- Problem to solve
Reproduce, exactly and in full, only the lines below from the one containing "1月23日晚,35台反铲、1" through the one containing "Традиционный свадебный наряд".
Extracted records Start Marker
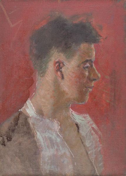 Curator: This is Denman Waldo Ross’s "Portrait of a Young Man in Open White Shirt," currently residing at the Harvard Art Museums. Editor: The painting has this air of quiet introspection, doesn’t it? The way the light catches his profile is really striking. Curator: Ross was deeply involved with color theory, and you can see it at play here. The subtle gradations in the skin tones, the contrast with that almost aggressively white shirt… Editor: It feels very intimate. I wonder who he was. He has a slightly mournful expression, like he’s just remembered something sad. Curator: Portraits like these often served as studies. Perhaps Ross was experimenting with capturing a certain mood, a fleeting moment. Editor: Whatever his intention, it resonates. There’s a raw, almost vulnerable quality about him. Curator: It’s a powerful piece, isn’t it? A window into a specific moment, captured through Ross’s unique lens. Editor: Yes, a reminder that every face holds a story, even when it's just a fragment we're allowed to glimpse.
Extracted records End Marker
Extracted records Start Marker
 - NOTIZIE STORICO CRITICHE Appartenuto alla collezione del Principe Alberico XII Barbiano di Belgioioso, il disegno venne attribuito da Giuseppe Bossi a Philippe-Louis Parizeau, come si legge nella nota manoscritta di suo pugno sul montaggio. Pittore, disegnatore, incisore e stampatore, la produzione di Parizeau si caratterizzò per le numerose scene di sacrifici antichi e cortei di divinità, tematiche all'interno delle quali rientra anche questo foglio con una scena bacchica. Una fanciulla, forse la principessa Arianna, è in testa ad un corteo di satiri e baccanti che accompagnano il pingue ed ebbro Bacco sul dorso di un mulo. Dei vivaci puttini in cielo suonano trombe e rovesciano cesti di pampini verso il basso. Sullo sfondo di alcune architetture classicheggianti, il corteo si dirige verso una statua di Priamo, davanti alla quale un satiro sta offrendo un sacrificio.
Extracted records End Marker
Extracted records Start Marker
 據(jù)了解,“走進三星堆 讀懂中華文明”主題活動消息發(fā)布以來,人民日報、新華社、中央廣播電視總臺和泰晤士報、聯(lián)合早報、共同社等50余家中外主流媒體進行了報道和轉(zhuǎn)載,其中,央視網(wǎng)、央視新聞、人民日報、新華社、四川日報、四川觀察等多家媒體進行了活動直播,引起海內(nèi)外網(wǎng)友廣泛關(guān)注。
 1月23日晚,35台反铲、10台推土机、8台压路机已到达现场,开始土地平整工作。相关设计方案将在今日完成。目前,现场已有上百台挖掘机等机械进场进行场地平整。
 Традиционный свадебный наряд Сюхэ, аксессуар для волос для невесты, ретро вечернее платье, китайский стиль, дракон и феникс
Extracted records End Marker
- Task response
 1月23日晚,35台反铲、10台推土机、8台压路机已到达现场,开始土地平整工作。相关设计方案将在今日完成。目前,现场已有上百台挖掘机等机械进场进行场地平整。
 Традиционный свадебный наряд Сюхэ, аксессуар для волос для невесты, ретро вечернее платье, китайский стиль, дракон и феникс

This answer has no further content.